1. Field of the Invention
The present invention relates to an image recovery processing technology that uses an image recovery filter.
2. Description of the Related Art
Various methods have been proposed for performing correction processing on image data. When generating image data by capturing an object with a digital camera, the obtained image data is at least partially deteriorated due to aberration in the imaging optical system.
A blur component in image data is a factor in optical system spherical aberration, coma aberration, curvature of field, astigmatism and the like. When an ideal optical system that is free of aberration and does not suffer any effects of diffraction is used, the light beams coming from a single point of the object that should reconverge at a single point on the imaging plane in fact form an image in which the light beams do not converge at a single point, and are spread out. The distribution of these spread out light beams is the blur component. Although in optics this is referred to as “point spread function” (PSF), for image data we will refer to this as “blur component”. Further, although the term blur component of image data can also refer to blurred image data that is not in focus, for example, here this term is used to refer to blurring due to the effects of aberration in the optical system even when the image is in focus. Further, the fact that optical system axial chromatic aberration, color spherical aberration and color coma aberration are factors can be said to be due to differences in the blur component at each light wavelength.
An example of a known method to correct deterioration of the blur component in image data is to use information about the imaging optical system optical transfer function (OTF). Although this method is referred to using names such as image recovery and image restoration, in the following description processing that corrects deterioration of image data using information about OTF of the imaging optical system will be referred to as image recovery processing.
An outline of image recovery processing will now be described. When deteriorated image data is represented as g(x,y), the original image data as f(x,y), and a PSF obtained from an inverse Fourier transform on the optical transfer function as h(x,y), the following equation holds.g(x,y)=h(x,y)*f(x,y)Where * represents convolution and (x,y) represents image data coordinates.
Further, if the equation is subjected to a Fourier transform and converted into a display format at a frequency plane, the resultant equation is in the form of an integral for each frequency, as illustrated below. In this equation, since H is obtained by subjecting a PSF to a Fourier transform, H is an OTF. Further, (u,v) represents coordinates in a two-dimensional frequency plane, i.e., represents the frequency.G(u,v)=H(u,v)·F(u,v)
To obtain the original image data from the deteriorated image data, first, both sides are divided by H, as follows.G(u,v)/H(u,v)=F(u,v)
Then, the original image data f (x, y) is obtained as a recovered image by subjecting the F (u,v) to an inverse Fourier transform to return to the actual plane.
If the value obtained by subjecting 1/H in the above formula to an inverse Fourier transform is R, the original image data can similarly be obtained by performing convolution processing on the image data in the actual plane as illustrated in the following equation.g(x,y)*R(x,y)=f(x,y)
This R (x, y) is called an image recovery filter.

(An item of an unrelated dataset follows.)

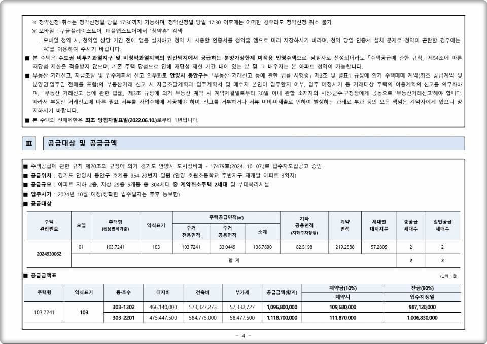 이번에 나오는 계약 취소 주택은 103㎡형 두 가구로, 2022년 분양가 그대로 제공됩니다.

Since the OTF varies according to the imaging state, such as the state of the zoom position and the state of the aperture diameter, the image recovery filter to be used in image recovery processing also needs to be changed according to the OTF. For example, Japanese Patent Application Laid-Open No. 10-165365 discusses a technique for resolving image blur by using a PSF corresponding to a used fluorescence wavelength for a range that is outside of the focus range of the imaging means in an endoscope for observing inside the body. Since the fluorescence is faint, an object optical system having a small F number is needed. Since the focal depth becomes more shallow if an object optical system having a small F number is used, this technique is trying to obtain an in-focus image by performing image recovery processing on a range that is out of focus.
As described above, image quality can be improved by performing image recovery processing on captured image data and correcting various aberrations. However, in actual imaging, the imaging state of the image data and the state of the image recovery filter for recovery of the image data may not completely match. An example of such a case is when there is a saturated pixel in the captured image data. Since a saturated pixel has lost its original object information, a situation arises in which the deterioration state of the image data to be actually obtained and the deterioration state of the image data that is envisaged as the recovery target by the image recovery filter do not match.
Further, when selecting or generating an image recovery filter according to imaging information such as the lens focal length, the aperture value, and the imaging distance, a difference can occur between the actual imaging state and the imaging information to be used. A situation in which the deterioration state of the image data to be actually obtained and the deterioration state of the image data that is envisaged as the recovery target by the image recovery filter do not match tends to occur especially for imaging distance, because the object distance differs depending on the angle of view when capturing a three-dimensional object.
In particular, when the actually obtained image data is sharper than the image data envisaged as the recovery target by the image recovery filter, if the image recovery filter is used, the recovered image data becomes over-recovered, which causes image deterioration such as undershoot and overshoot at the edge portions. In particular, undershoot at a low luminance portion is amplified by the gamma correction processing that is applied after image recovery processing, so that the resultant image data looks strange.
Further, even in the technique discussed in Japanese Patent Application Laid-Open No. 10-165365, when there is a difference between the envisaged PSF and the actually obtained image data, over recovery occurs, which can be thought to lead to deterioration in the quality of the recovered image data.